Key Points
1. Large Language Models (LLMs) are essentially n-gram models on steroids, trained on web-scale language corpora, and possess linguistic behaviors that were unexpected for text completion systems.
2. LLMs are considered as giant non-veridical memories akin to an external System 1 and are good at approximate retrieval, meaning they probabilistically reconstruct completions for prompt words.
3. Research evaluated GPT3, GPT3.5, and GPT4 on planning instances and found contrary results to anecdotal claims about the planning abilities of LLMs, with GPT4 reaching 30% empirical accuracy in the Blocks World.
4. Fine tuning LLMs on planning problems did not show significant improvement, and it essentially converts planning tasks into memory-based approximate retrieval.
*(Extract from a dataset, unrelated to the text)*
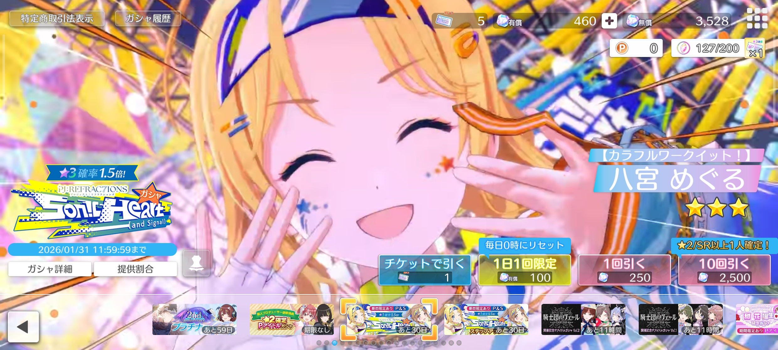 今回のピックアップ★3Pアイドルは全員期間限定となり、他ユニットのPJ: REFRAC7IONSガシャでは登場しないので、欲しい人はこの機会に引けるように祈ろう。

5. LLMs are capable of generating potential answers for planning problems, but they need to be checked by external verifiers, and their ability to critique their own guesses is questionable.
6. Claims about the planning capabilities of LLMs often confuse general planning knowledge extracted from LLMs for executable plans, and the generated plans may not account for subgoal interactions, leading to errors.
7. LLMs serve as a rich source of approximate models of world/domain dynamics and user preferences, which can be leveraged in LLM-Modulo frameworks with model-based solvers and human verification.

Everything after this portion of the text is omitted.